* **ABOUT THIS TASK**
Write the records out again exactly as they read, dropping any picture they hold.

* **GIVEN DATA**
[Start of Attachment]

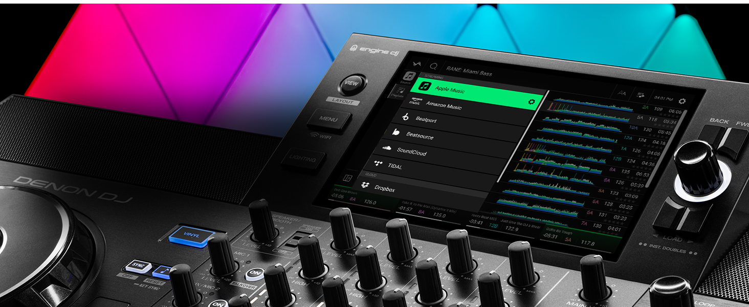 - Laptop-Free Performances with Engine DJ OS - No computer required for professional DJ performances; Bring music tracks to your controller via SD slot and 2 USB ins; Choose your songs and browse your library with the 7" Touchscreen
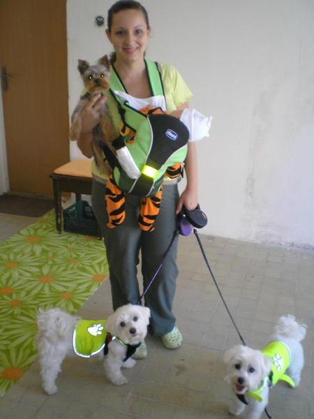Po narození malé to chodí tak, že ráno, odpoledne venčí manžel. Po obědě venčím buď s kočárkem a malá spí nebo spí v postýlce a venčím kolem baráku (bydlíme v přízemí a slyším, jestli se nevzbudila...) a večer spíš manžel, někdy já. Každý den jsme si našli čas a střídavě se věnovali i jen pejskům. Když malá spala, tak jsme se mazlili, když byla vzůru, tak si ji vzal manžel, já byla se psy a pak naopak. Od té doby, co malá chodí, tak venčívám i s malou a v pohodě. Jsme sehraní, když jdeme přes cestu, tak pod jednu paži drapnu dcerku a pod druhou Matýska a maltézáčci na vodítku. Když byla dcerka ještě malinká, tak jsem ji dala do nosítka na břicho, vzala pejsky a šli jsme na procházku do polí. Když už se tam nevešla, tak chodíváme i s manželem. Dvě vodítka, tři psy a kočár už bych na procházku nezvládla, ale párkrát jsem tak taky venčila. Teď má před Vánoci mažel zase spoustu práce, takže odpoledne odjede, vrátí se dopoledne, pár hodin se vyspí a zase jede. Vše je na mě samotné a zvládáme taky. Ale co se setkáváme s názory, tak hodně lidí by to nezvládlo natož s nemocnými psy...
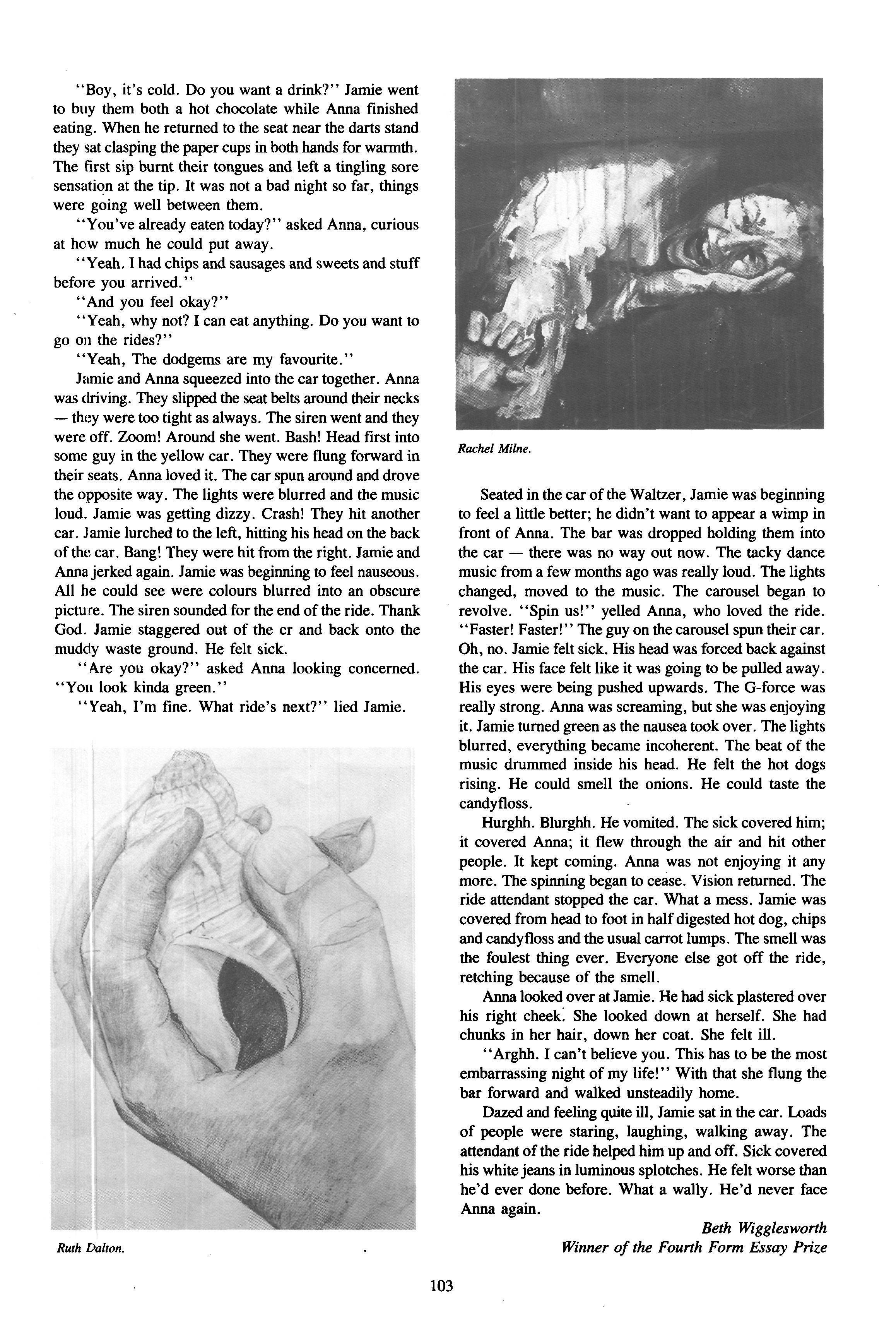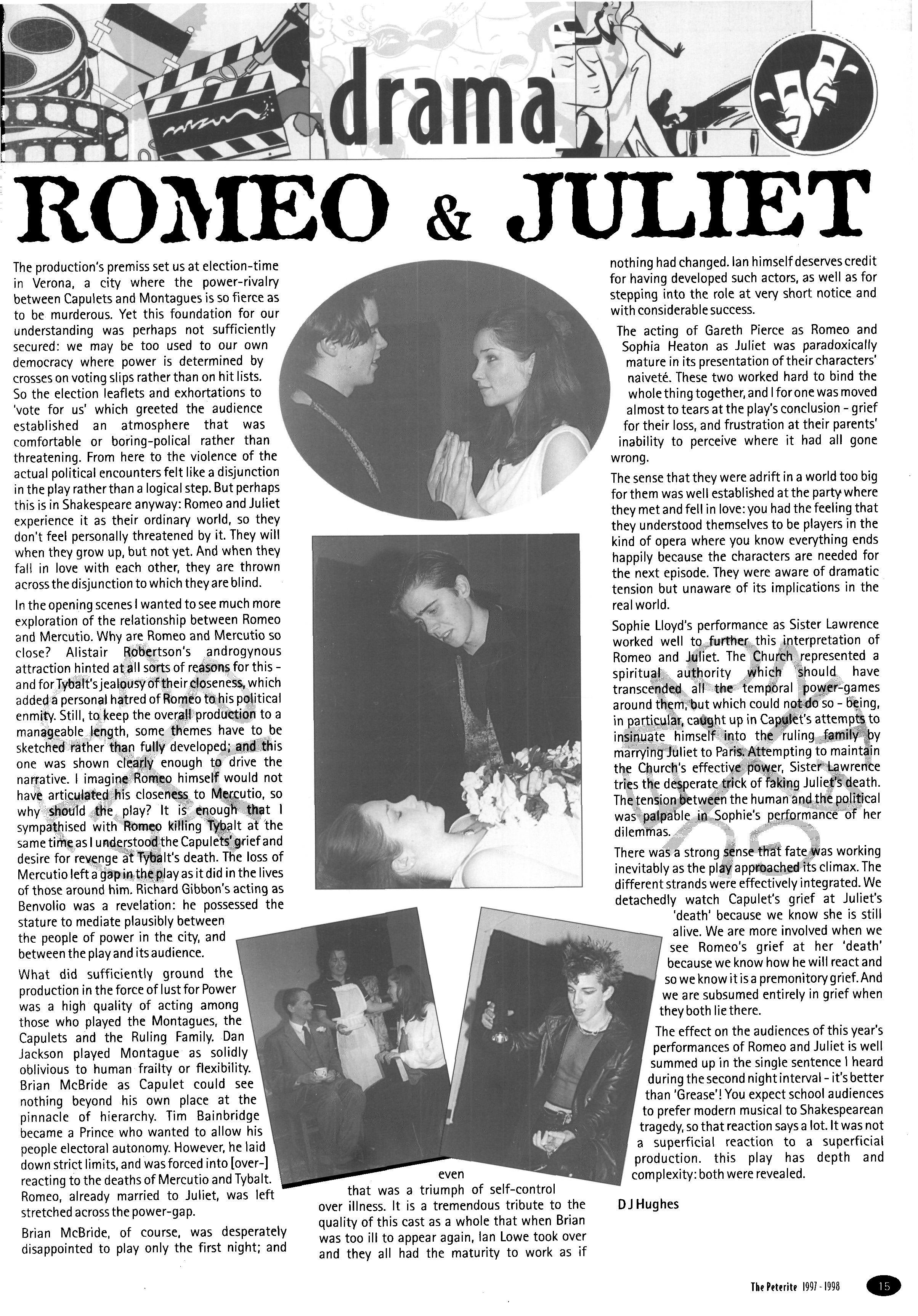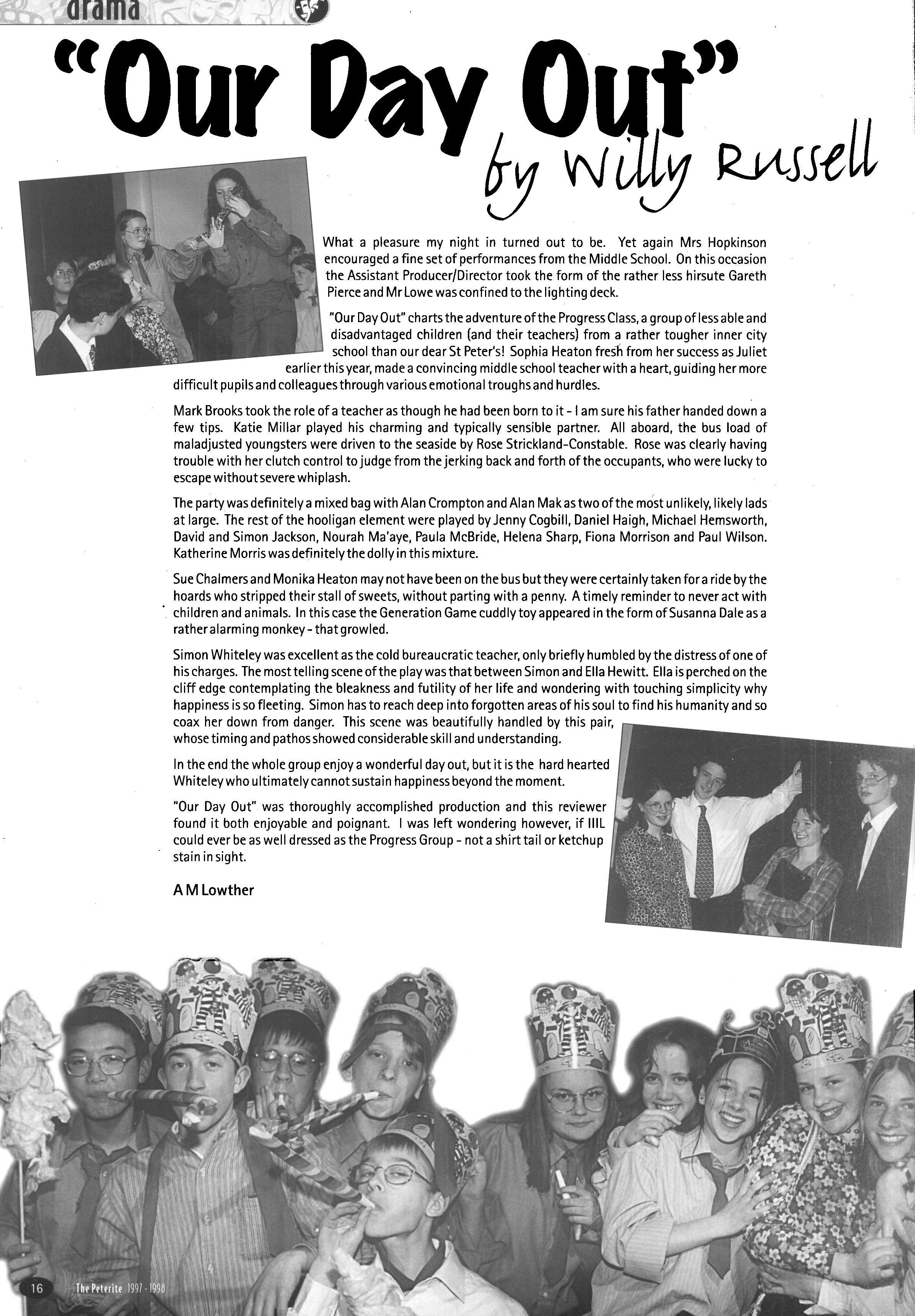 The end of term was asbusy as ever with starring roles in the school productions for several Risites; Nikki Strivens and Katie Gormley in 'Roots', Kate Dowds in 'Look Back in Anger' and Jennie Taylor in 'Twist' All gave stunning performances in outstanding productions
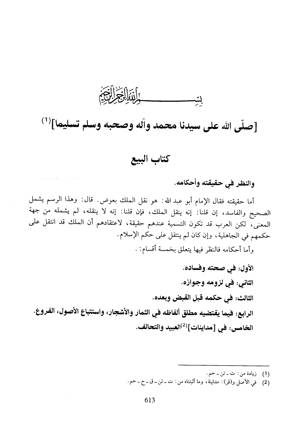 وأما أحكامه فالنظر فيها يتعلق بخمسة أقسام:
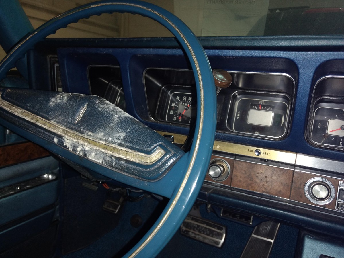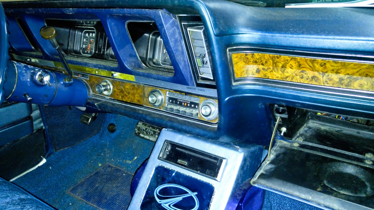 That is one fantastic car! My dad had a ’70 Olds 98 but in aspen green and the same brocade interior but in light green and no power options at all, which I always thought was weird for a luxury car. I’m not sure what a custom console is but I’m guessing not a factory piece. Ours didn’t have anything like that. It was one relatively fast, very, very nice car. I would love to have this blue one.

[End of Attachment]

* **RESULT FOR THIS TASK**
 - Laptop-Free Performances with Engine DJ OS - No computer required for professional DJ performances; Bring music tracks to your controller via SD slot and 2 USB ins; Choose your songs and browse your library with the 7" Touchscreen
Po narození malé to chodí tak, že ráno, odpoledne venčí manžel. Po obědě venčím buď s kočárkem a malá spí nebo spí v postýlce a venčím kolem baráku (bydlíme v přízemí a slyším, jestli se nevzbudila...) a večer spíš manžel, někdy já. Každý den jsme si našli čas a střídavě se věnovali i jen pejskům. Když malá spala, tak jsme se mazlili, když byla vzůru, tak si ji vzal manžel, já byla se psy a pak naopak. Od té doby, co malá chodí, tak venčívám i s malou a v pohodě. Jsme sehraní, když jdeme přes cestu, tak pod jednu paži drapnu dcerku a pod druhou Matýska a maltézáčci na vodítku. Když byla dcerka ještě malinká, tak jsem ji dala do nosítka na břicho, vzala pejsky a šli jsme na procházku do polí. Když už se tam nevešla, tak chodíváme i s manželem. Dvě vodítka, tři psy a kočár už bych na procházku nezvládla, ale párkrát jsem tak taky venčila. Teď má před Vánoci mažel zase spoustu práce, takže odpoledne odjede, vrátí se dopoledne, pár hodin se vyspí a zase jede. Vše je na mě samotné a zvládáme taky. Ale co se setkáváme s názory, tak hodně lidí by to nezvládlo natož s nemocnými psy...
 The end of term was asbusy as ever with starring roles in the school productions for several Risites; Nikki Strivens and Katie Gormley in 'Roots', Kate Dowds in 'Look Back in Anger' and Jennie Taylor in 'Twist' All gave stunning performances in outstanding productions
 وأما أحكامه فالنظر فيها يتعلق بخمسة أقسام:
 That is one fantastic car! My dad had a ’70 Olds 98 but in aspen green and the same brocade interior but in light green and no power options at all, which I always thought was weird for a luxury car. I’m not sure what a custom console is but I’m guessing not a factory piece. Ours didn’t have anything like that. It was one relatively fast, very, very nice car. I would love to have this blue one.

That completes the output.